Convert Map<Integer, List<Strings> to Map<String, List<Integer>

Question

I'm having a hard time converting a Map containing some integers as keys and a list of random strings as values.

E.g. :

1 = ["a", "b", "c"]
2 = ["a", "b", "z"]
3 = ["z"]

I want to transform it into a Map of distinct strings as keys and lists the integers as values.

E.g. :

a = [1, 2]
b = [1, 2]
c = [1]
z = [2,3]

Here's what I have so far:

Map<Integer, List<String>> integerListMap; // initial list is already populated

List<String> distinctStrings = new ArrayList<>();
SortedMap<String, List<Integer>> stringListSortedMap = new TreeMap<>();

for(Integer i: integers) {
    integerListMap.put(i, strings);
    distinctStrings.addAll(strings);
}

distinctStrings = distinctStrings.stream().distinct().collect(Collectors.toList());

for(String s : distinctStrings) {
    distinctStrings.put(s, ???);
}

Answer 1

There's no need to apply distinct() since you're storing the data into the Map and keys are guaranteed to be unique.

You can flatten the entries of the source map, so that only one string (let's call it name) and a single integer (let's call it number) would correspond to a stream element, and then group the data by string.

To implement this problem using streams, we can utilize flatMap() operation to perform one-to-many transformation. And it's a good practice to define a custom type for that purpose as a Java 16 record, or a class (you can also use a Map.Entry, but note that approach of using a custom type is more advantages because it allows writing self-documenting code).

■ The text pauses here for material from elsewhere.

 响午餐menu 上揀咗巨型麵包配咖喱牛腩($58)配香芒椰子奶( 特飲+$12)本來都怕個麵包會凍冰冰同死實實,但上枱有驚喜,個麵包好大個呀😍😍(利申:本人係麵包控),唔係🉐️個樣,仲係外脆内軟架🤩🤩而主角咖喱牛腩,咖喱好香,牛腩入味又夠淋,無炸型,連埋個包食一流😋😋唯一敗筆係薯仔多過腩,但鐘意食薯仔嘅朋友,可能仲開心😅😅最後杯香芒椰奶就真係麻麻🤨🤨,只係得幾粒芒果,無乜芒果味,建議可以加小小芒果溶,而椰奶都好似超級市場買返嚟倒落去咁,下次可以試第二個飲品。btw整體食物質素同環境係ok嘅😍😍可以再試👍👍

In order to collect the data into a TreeMap you can make use of the three-args version of groupingBy() which allows to specify mapFactory.

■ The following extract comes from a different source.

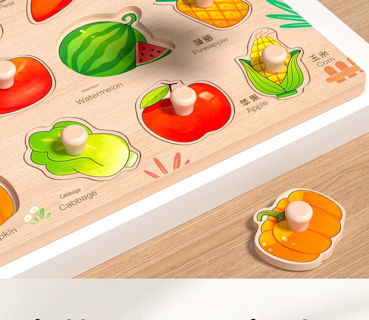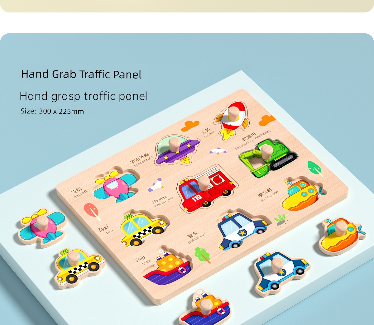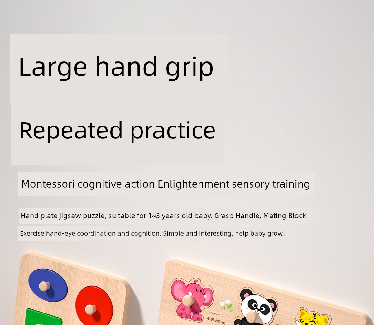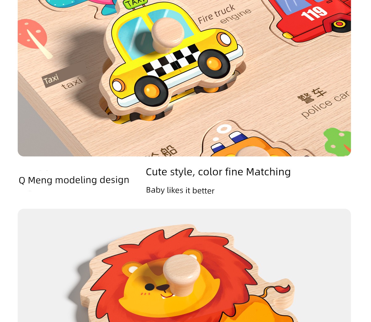 热卖蒙氏拼图1一2儿童形状配对手抓板

record NameNumber(String name, Integer number) {}
        
Map<Integer, List<String>> dataByProvider = Map.of(
    1, List.of("a", "b", "c"),
    2, List.of("a", "b", "z"),
    3, List.of("z")
);
        
NavigableMap<String, List<Integer>> numbersByName = dataByProvider.entrySet().stream()
    .flatMap(entry -> entry.getValue().stream()
        .map(name -> new NameNumber(name, entry.getKey()))
    )
    .collect(Collectors.groupingBy(
        NameNumber::name,
        TreeMap::new,
        Collectors.mapping(NameNumber::number, Collectors.toList())
    ));
    
numbersByName.forEach((name, numbers) -> System.out.println(name + " -> " + numbers));

Output:

a -> [2, 1]
b -> [2, 1]
c -> [1]
z -> [3, 2]

Sidenote: while using TreeMap it's more beneficial to use NavigableMap as an abstract type because it allows to access methods like higherKey(), lowerKey(), firstEntry(), lastEntry(), etc. which are declared in the SortedMap interface.

Answer 2

Iterate over your source map's value and put each value into the target map.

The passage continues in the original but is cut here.